BEGIN

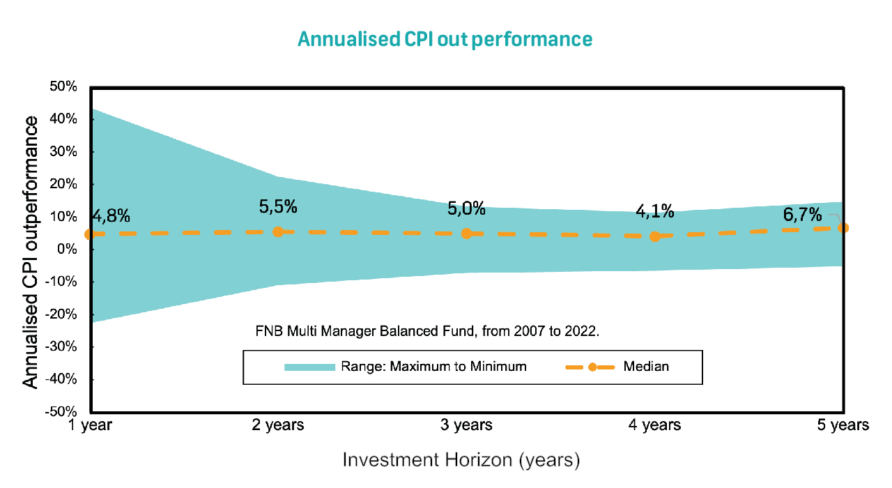 A practical illustration of this is seen looking at our FNB Multi Manager Balanced Fund, which has a benchmark of CPI + 5% over 7-year horizons, and 1st quartile performance over 15 years. While the fund has given some very strong 1-year returns, and some drawdowns over 1-year horizons, the range of outcomes narrows significantly as the investment horizon increases. The 'cone of uncertainty' is a term used in software development which describes the amount of uncertainty during a project's lifetime. The same concepts hold for managed investments - uncertainty is at its highest in the short-term, but this narrows over time. Time in the market is a valuable strategy!
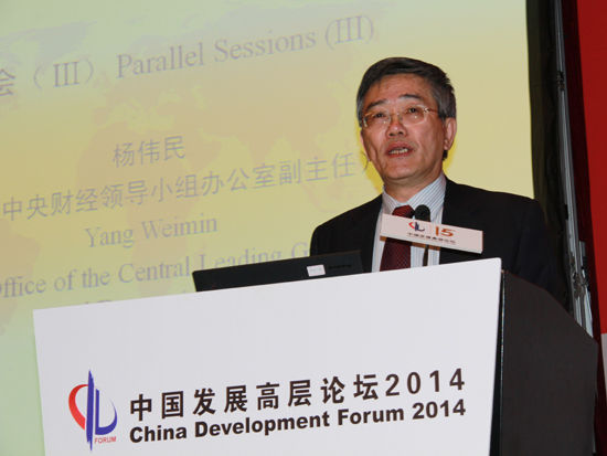 “中國(guó)發(fā)展高層論壇2014”于3月22日-24日在釣魚(yú)臺(tái)舉行。在“包容而可持續(xù)的新型城鎮(zhèn)化”分會(huì)場(chǎng)上,中央財(cái)經(jīng)領(lǐng)導(dǎo)小組辦公室副主任楊偉民發(fā)表了自己的觀點(diǎn)。
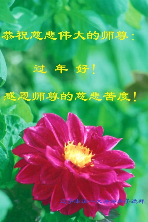 师尊您辛苦了!感恩师尊的慈悲看护。在新的一年里,弟子唯有精進,才能报答师尊的慈悲苦度。弟子叩拜师尊! 辽宁本溪县全体大法弟子恭祝慈悲伟大师尊新年快乐!
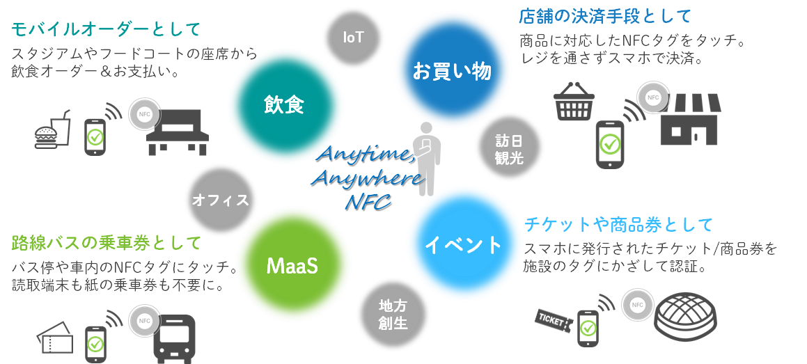 NFCは、Androidに加えて、iPhoneでも2019年にリーダー/ライターモードが開放され、NFCタグへの読み書きが可能になるなど、スマートフォンを持つより多くの生活者が幅広いNFCサービスを利用できる環境が整いはじめています。

END

Instructions to follow: Your answer must be the lines from the one containing "师尊您辛苦了!感恩师尊的慈悲" through the last line of the listing above, restated word for word, with no pictures.

Finished task:
 师尊您辛苦了!感恩师尊的慈悲看护。在新的一年里,弟子唯有精進,才能报答师尊的慈悲苦度。弟子叩拜师尊! 辽宁本溪县全体大法弟子恭祝慈悲伟大师尊新年快乐!
 NFCは、Androidに加えて、iPhoneでも2019年にリーダー/ライターモードが開放され、NFCタグへの読み書きが可能になるなど、スマートフォンを持つより多くの生活者が幅広いNFCサービスを利用できる環境が整いはじめています。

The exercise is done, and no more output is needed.